# Your avatar is having sex with the avatar above you



## JambledUpWords (Nov 7, 2018)

What position, with what toy/kink, and in what place?


----------



## Feline Darkmage (Nov 7, 2018)

Fat position, fingers covered in grease, KFC parking lot. Just like every encounter AL ever had.


----------



## JambledUpWords (Nov 7, 2018)

Feline Darkmage said:


> Fat position, fingers covered in grease, KFC parking lot.

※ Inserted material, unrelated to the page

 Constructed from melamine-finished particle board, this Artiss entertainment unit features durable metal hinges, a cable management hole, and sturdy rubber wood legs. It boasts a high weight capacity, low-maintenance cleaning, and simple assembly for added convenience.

Just like every encounter AL ever had.


Missionary, with other anime body pillow waifus, at an anime convention


----------



## Haunter (Nov 7, 2018)

Based on what I can gather from Google Image, a Chinchou is about the size of a person's abdomen. 

So Amber could still eat it. 

And then it becomes a vore situation, I guess... 

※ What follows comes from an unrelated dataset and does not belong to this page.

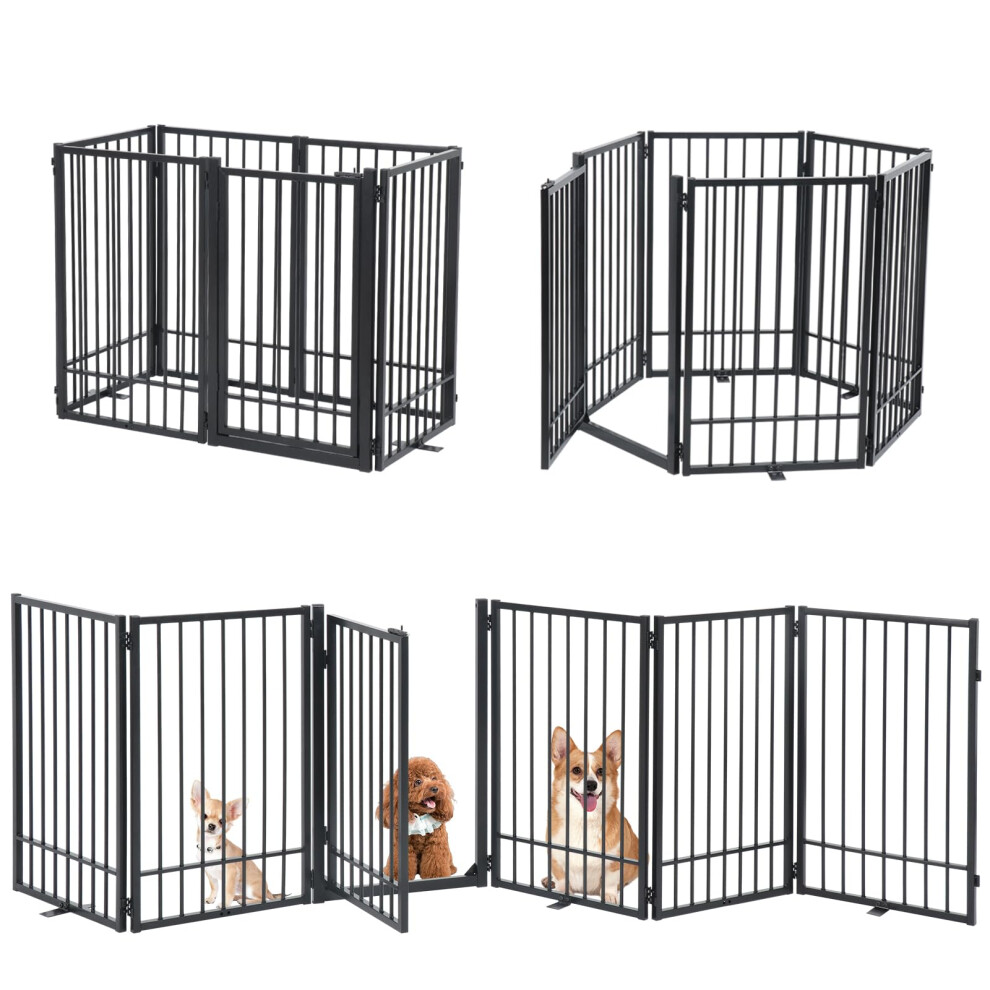 Dog Gates for Doorways, Foldable Dog Gate Indoor, Freestanding Pet Gates for Doorways Bedroom, Puppy Gate with Metal Support Feet, Room Divider 6 Panels (Black)

This is prolly the conclusion to any avatar that ends up under that gorl....


----------



## eldri (Nov 7, 2018)

A chinchou generates electricity so I imagine those antennas are going to my nips.


----------



## JambledUpWords (Nov 7, 2018)

Cowgirl, whipping kink, at the Kentucky Derby


----------



## A Useless Fish (Nov 7, 2018)

The Fish, with lots of shame and possibly a squeeze of lemon.


----------



## RomanesEuntDomus (Nov 7, 2018)

*awkward sex commences*


----------



## obliviousbeard (Nov 7, 2018)

As long as it involves underage girls and animals


----------



## Mongolian_CoolRat (Nov 7, 2018)

uh, only if i get to fuck yer dad too


----------



## Eryngium (Nov 7, 2018)

obliviousbeard said:


> As long as it involves underage girls and animals


I steal your straw hat and make a mould out of it.
I then fill the mould with a mixture of gorilla glue, horse hair, and thawed cum that was previously collected and frozen.
Tie you up for you to wear my cum hat around town.


----------



## Judge Holden (Nov 7, 2018)

*B͡I̟̞̣̜T̤̬̩̟̱̭̗͢E͎ ̣̝̻͚T̩H̼̮̯͘E ̡̦̞̣̺̰̗P̦̣̰̭̤͖͠I͏̟͚̟̣Ḻ̮͇͇̼͖̕L̫̱O͚͙̯͝Ẉ̤͇̥͖͓͓͘ ̞̜M͜Ọ͚Ṯ̢̙̦H̱͓͚̯̙̻̜MA̼̥͡N̮̫̦̲̥̭͘
͓̪̦͇
͕̼Ì͇̻̠̙M̴͔ ̵͔͍͖͍͈Ǵ͉̫̦̩̣͔͔O̜̣̥Ḭ͙̩̱ͅͅN҉͍G̬̪ ̻̪̻͔̘I̤͕N̻̱̝ͅ ̣͖D͈̠̝̱͍̺̤R̙̮͓̹̯Y͍̖̦͚͕͞*



Mongolian_CoolRat said:


> uh, only if i get to fuck yer dad too


----------



## firestoopscience (Nov 7, 2018)

With a paper bag on her head somewhere in a Feminist March.


----------



## RomanesEuntDomus (Nov 7, 2018)

Can it be a threesome with the avatar below?


----------



## IV 445 (Nov 7, 2018)

Beavers and frogs are both pretty amphibious. I imagine it ends up like a tinder hook up gone well, where there is no awkwardness post-coitus.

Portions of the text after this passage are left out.